Mounds of buttery croissants have the shop filled with a soft, toasty aroma.
The smell of freshly baked bread also permeates the air, creating a heady scent. I’m transported back to France, to my favourite regional bakeries. I'm not in France, but I'm in the next best thing. I've just walked through the doors of Gold Layers, an artisanal boulangerie hidden away underneath the historic Story Bridge in Brisbane, Australia.
It’s early Sunday morning. Whilst the city still sleeps, artisan Boulanger Christian Jacques has been baking up a storm since around 1 am. Christian’s partner Virginie, is behind the counter, speaking in English but all I hear is her beautiful French tone. French words start running around my head "Je voudrais trois croissants, s'il vous plaît", I hear myself saying to myself. Then "et une baguette, c'est tout". Should I be brave and say it a little louder, hoping Virginie will understand me? I can’t help it, being in this store brings out everything I love about France.
I know that I am going to find it hard to walk out of here without buying up a storm. The decision is not going to be an easy one though. With a magnificent selection of both sweet and savoury croissants, quiches and bread I almost feel as though I’m going to have to buy one of each. Perhaps that wouldn’t be such a bad thing?
I’m here early as I know very soon, there will be a queue, that won’t abate until the shop has sold out of every last pastry. At 6.30am, Virginie, who efficiently operates the front of house, tells me “I have about 30 minutes to get all of this out onto display otherwise I won’t get another chance.”

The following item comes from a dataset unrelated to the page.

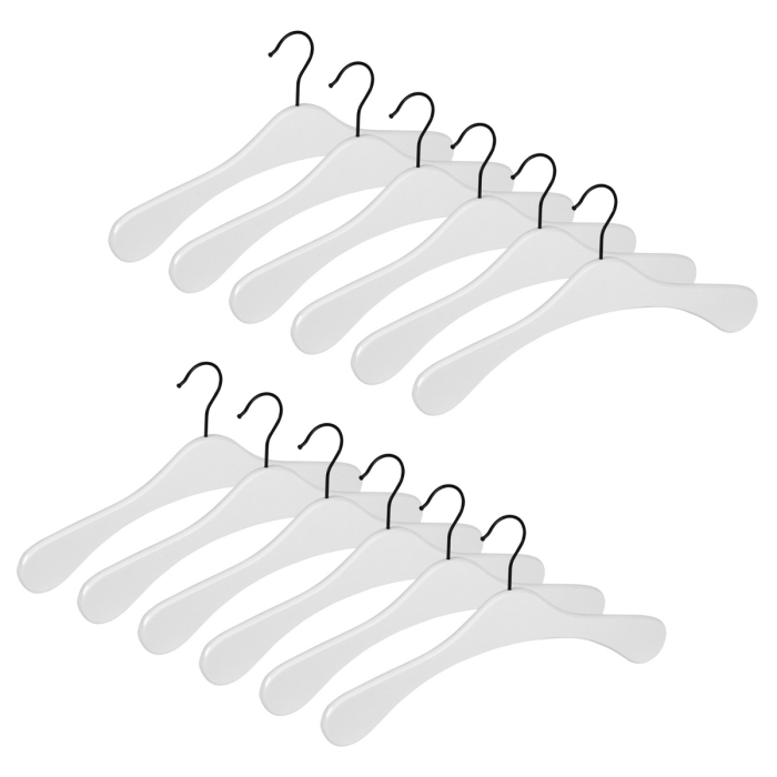 12er Garderobenbügel Set ECO 1112 Premium weiß s ✓ 12er Set ✓ aus Buchenholz gefertigt ✓ in geschwungener Form ✓ schwarzer 3,4 mm Haken, drehbar ✓ die Auflagenbreite beträgt 10 mm ✓ die Hakenöffnung beträgt 42 mm ✓ in der Farbe weiß hochglänzend lackiert ✓ der Garderobenbügel hat eine Breite von 41 cm ✓ geeignet für Mäntel, Jacken, Oberbekleidung

On the surface, it’s hard to imagine. In a small store, set back from the street, it’s easy to miss. In fact, I only stumbled across it after I got an insider tip. This part of Kangaroo Point, or KP as the locals call it, is really a destination suburb. Located on a peninsula that juts out into the Brisbane River, it’s not a suburb you simply pass through.
It is a quiet enclave of mostly high-density apartment dwellers who love the proximity to the river and the CBD. It has the persona of a small village, which is exactly why Christian chose this suburb and this area as the home for his business. Coming from France, where every morning he would go into his local village, he wanted to create the “spirit and exclusivity of a village”. He wanted to provide them with a unique food experience that couldn’t be found anywhere else. He wanted to be the destination.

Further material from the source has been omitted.